Джонсон сказал извиняющимся тоном:
— Она хотела бы поговорить с мистером Эллери Квином, шеф…
— Впустите ее.
Джонсон открыл дверь, и мужчины встали, приветствуя даму. Сегодня Джоан выглядела особенно экстравагантно, но под глазами у нее были тени, и она слегка пошатывалась, когда переступала через порог.
— Вы хотели бы поговорить с мистером Квином? — сварливо спросил инбйектор. — Как видите, у нас совещание.
— Я думаю, это очень важно, инспектор…
Эллери поспешил вмешаться:
— У нее есть известия от Чейни!
Она покачала головой. Эллери наморщил лоб.
— Простите, мисс Бретт. Позвольте представить вам: мистер Нокс, мистер Сампсон…
Прокурор кивнул, а Нокс заметил:
— Уже имел удовольствие….
Воцарилось неловкое молчание. Эллери предложил даме стул.
— Я не знаю, как это объяснить, — начала Джоан, нервно теребя свои перчатки. — Может, вы посчитаете, что все это просто глупости, мне и самой сейчас кажется невероятным, что я…
Эллери сказал ободряюще:
— Вы обнаружили что-то новое, мисс Бретт? Или вы что-нибудь вспомнили и теперь хотите сообщить нам?

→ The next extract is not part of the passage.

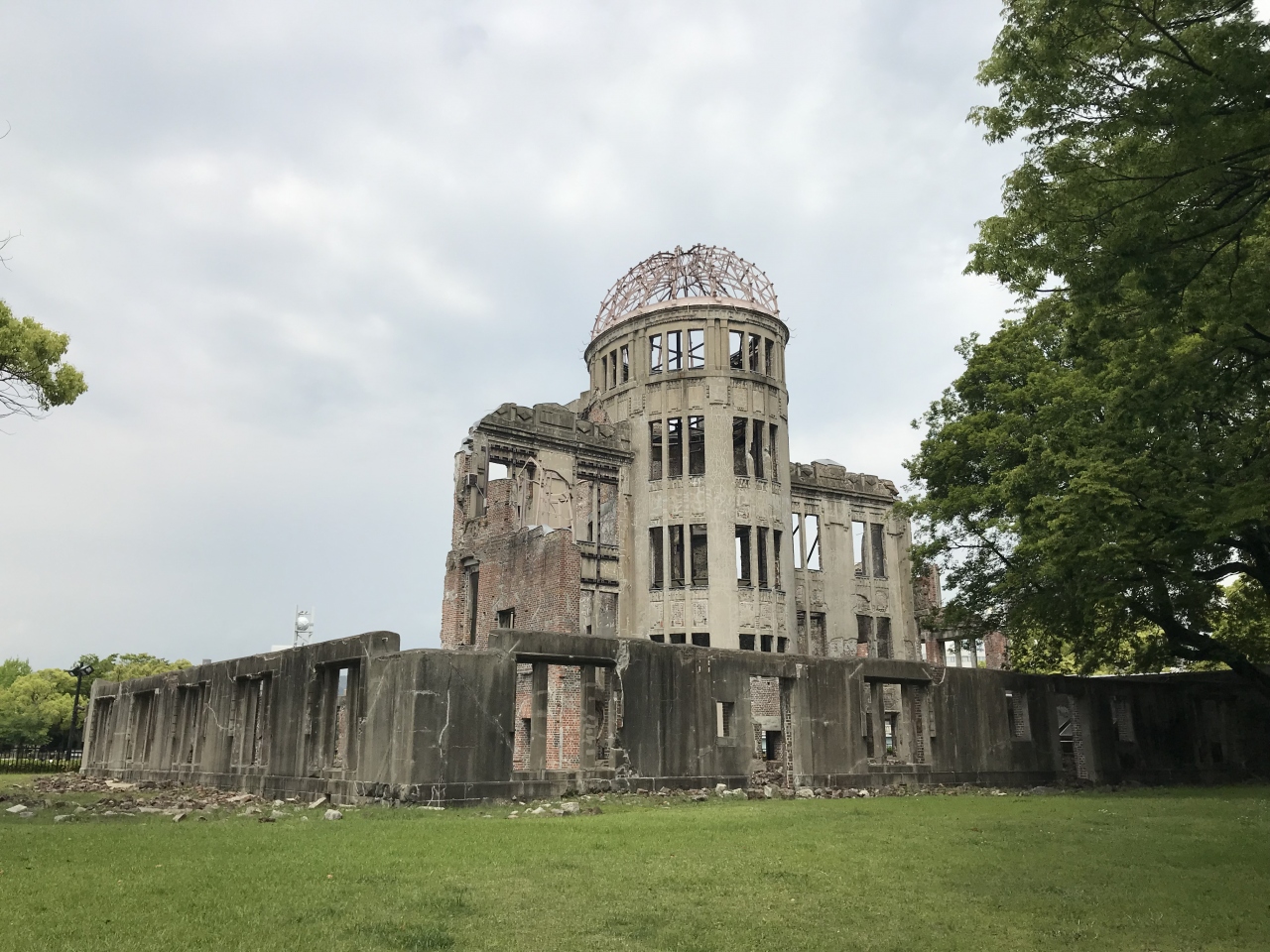 原爆ドームの実物を見たのは初めてでした。周りの建物が吹き飛ばされる中、これだけの建物が残るのは奇跡なんでしょうね。原爆ドームの柵の周りを1週しましたが、ドームの周りには吹き飛ばされた瓦礫が今もそのまま残されていて、原爆の痛ましさを今に伝えています。

— Да. Я имею в виду… я забыла рассказать кое-что, — она говорила тоненьким детским голоском, который так отличался от ее прежнего, самоуверенного тона, — кое-что о чайных чашках.

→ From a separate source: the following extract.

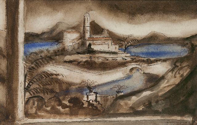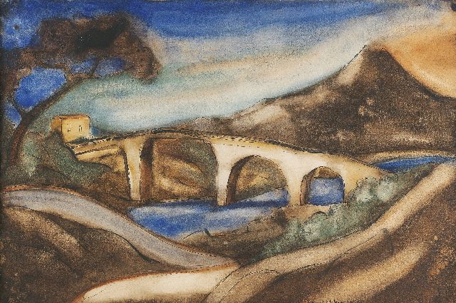 Lodewijk Schelfhout | De brug, inkt, krijt en aquarel op papier, 34,4 x 51,0 cm, gesigneerd r.o. en gedateerd '1920 Corse'

— О чайных чашках! — вырвалось у Эллери.
— Вот именно! В тот день, когда я откатила сервировочный столик с посудой от письменного стола в нишу — я припоминаю сейчас — с чашками все обстояло иначе. Вы обнаружили три использованных чашки, когда обследовали посуду… А мне вдруг вспомнилось, что днем после похорон, когда я отодвигала столик в сторону, на нем стояла лишь одна использованная чашка…
Эллери так и подпрыгнул. Все его ликование мигом улетучилось, вокруг рта вырисовались глубокие морщины.
— Подумайте еще раз, уверены ли вы в точности своих показаний? — проговорил он хмуро. — От ваших слов зависит теперь все. Значит, вы утверждаете, что во вторник на подносе стояли две чистые чашки и одна — со следами от чая?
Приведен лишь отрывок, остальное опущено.